To determine cell size of rosette leaves we used the ImageJ software(http://rsb.info.nih.gov/ij/). For cytology analysis, inflorescences from stem, leaves and eight-day-old seedlings of wild-type (Col-0), APC10S and RNAi APC6 lines were fixed overnight at 4°C in a FAA buffer (3.7% formaldehyde, 50% ethanol, 5% cold acetic acid, 0.1% Triton X-100) after two infiltrations of 30 minutes each. The tissues were washed at room temperature in 1×PBS buffer (2×30 minutes), then in 50% ethanol (2×30 minutes), 70% ethanol (1 hour) and 96% ethanol (overnight). After two additional washes in 100% ethanol, the samples were successively incubated 15 minutes in 100% ethanol/histoclear mix(75%/25%; 50%/50%; 25%/75%) and 3×15 minutes in 100% histoclear. The samples were then incubated at 60°C in a histoclear/Paraplast mix (1V/1V)overnight and in 100% Paraplast for 2 days (with the solution changed 2 times per day). Tissues were embedded in 100% Paraplast and sections were cut on a microtome (Leica RM2155). Sections were then colored with Toluidine Blue and observation were done on a Nikon Eclipse E800 microscope (Champigny sur Marne,France).

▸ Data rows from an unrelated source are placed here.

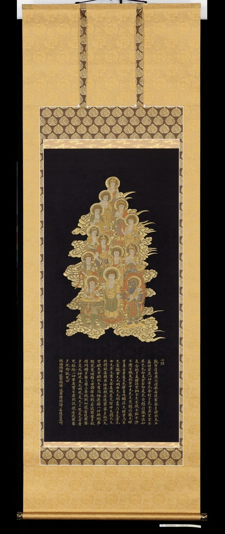 This hanging scroll features 13 Buddhas and Bodhisattvas and the characters of the Heart Sutra. The Heart Sutra was written by Kukai (Hokkai).
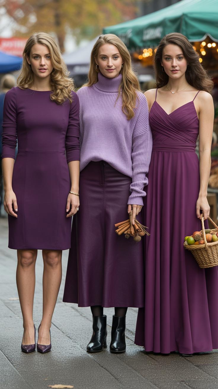 Choosing trendy textures like velvet or satin works well with plum. They add depth and richness that feel current but still elegant. Think about mixing patterns subtly, such as pairing a plum dress with a plaid scarf that has autumn tones. How can you mix your wardrobe staples with seasonal trends? Try to keep your dress cut clean and classic, so your outfit stays polished no matter what trends you include.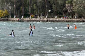 Muğla’nın Akyaka Mahallesi’nde 16 derecelik havaya aldırmayan bazı vatandaşlar denize girerken, sahildeki…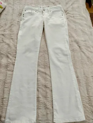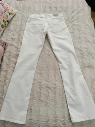 Vaqueros de corte bootcut en color blanco. Un básico versátil para cualquier armario. - Corte bootcut. - Diseño de cinco bolsillos. - Cierre de cremallera y botón. - Llevan un añadido elástico en la parte trasera de la cintura para ir más cómoda (foto). - Me los he puesto una vez porque se me han quedado justos. - Medidas en fotos. - Envío sólo con inPost.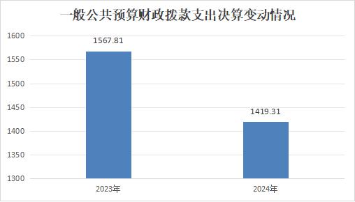 2024年度一般公共预算财政拨款支出1419.31万元,占本年支出合计的100%。与2023年度相比,一般公共预算财政拨款支出减少148.50万元,下降9.5%。主要变动原因是2024年度人员减少引起的工资福利支出、商品服务支出减少。
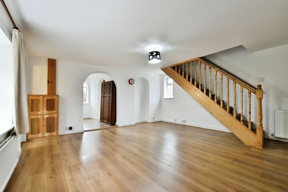 A bay window to the front elevation and a smaller window to the rear, laminate flooring electric 'plasma' style fire, large radiator, and a stripped pine spindle stairway to the upper floor. Access through an archway to dining and kitchen.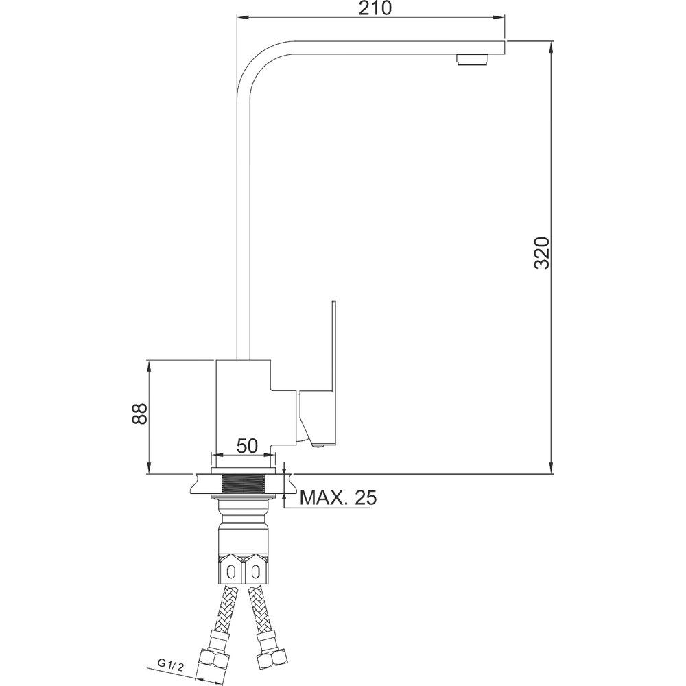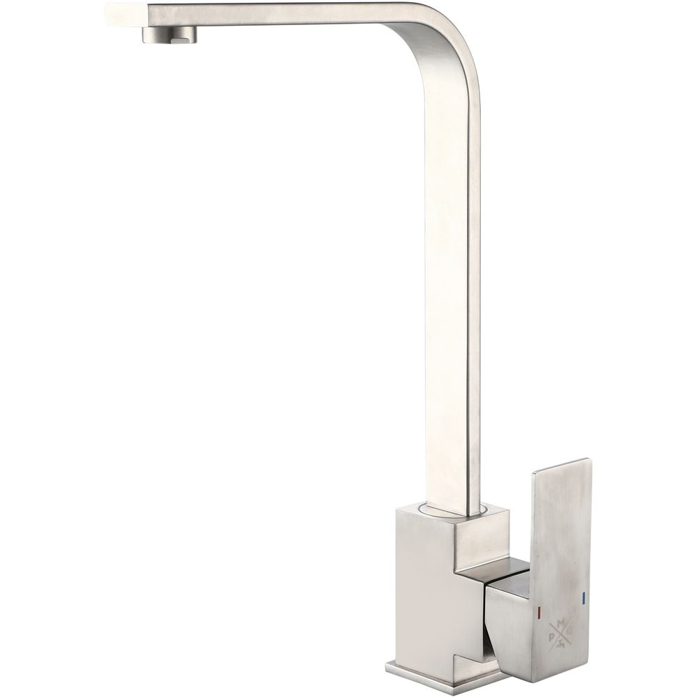 Смеситель выполнен из нержавеющей стали и обладает матовой поверхностью, предотвращающей образование отпечатков пальцев и пятен. Высота излива составляет 30,1 см, а его длина — 21 см, что обеспечивает комфорт при мытье посуды и наборе воды. Изделие оснащено гибкой подводкой и стандартными креплениями, что упрощает установку. Главной характеристикой является керамический картридж, который увеличивает срок службы смесителя.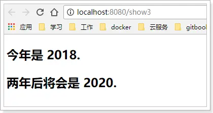 <p>今年是 <span th:text="2018">1900</span>.</p> <p>两年后将会是 <span th:text="2018 + 2">1902</span>.</p>

The role of the APC/C in post-mitotic cells is still poorly understood in all organisms. Thus, we investigated whether components of the APC/C pathway are expressed in differentiated and post-mitotic cells, during the process of leaf development. We took advantage of the ProCYCB1;1::NterCYCB1-GUS reporter line (Colon-Carmona et al.,1999) to monitor cell division activity and harvested Arabidopsis leaves at different developmental stages, ranging from very young leaves with high cell division activity to fully expanded leaves,in which cell division activity is scarce and most cells are differentiated(Fig. 1A). This analysis includes selected subunits of the APC/C(Capron et al., 2003a) and,most importantly, different APC/C activators (CDC20 and CCS52/CDH1), as well as two specific ubiquitin-conjugating enzymes (UBC19 and UBC20). In contrast to AtCYCB1;1, all APC/C subunits tested (APC3/CDC27A, APC4, APC6 and APC10)were expressed similarly at the different leaf-stages(Fig. 1B). In particular, their transcript levels remained high in fully expanded leaves (lane 5). However,both classes of APC/C activators were expressed differentially. Under our experimental conditions, we could detect in leaves the transcripts of only two of the six CDC20-related subunits (CDC20-1 and CDC20-2). Both showed an expression profile similar to AtCYCB1;1, suggesting that they are cell cycle regulated. In contrast to the CDC20-types of activator, CCS52/CDH1-related subunits, as well as the E2 UBC19 and to a lesser extent UBC20, remained expressed in older leaves, suggesting their involvement in the function of APC/C in post-mitotic cells. These data are consistent with the recent finding that some APC/C subunits are expressed in organs with overall low cell division rate, such as siliques (Eloy et al., 2006).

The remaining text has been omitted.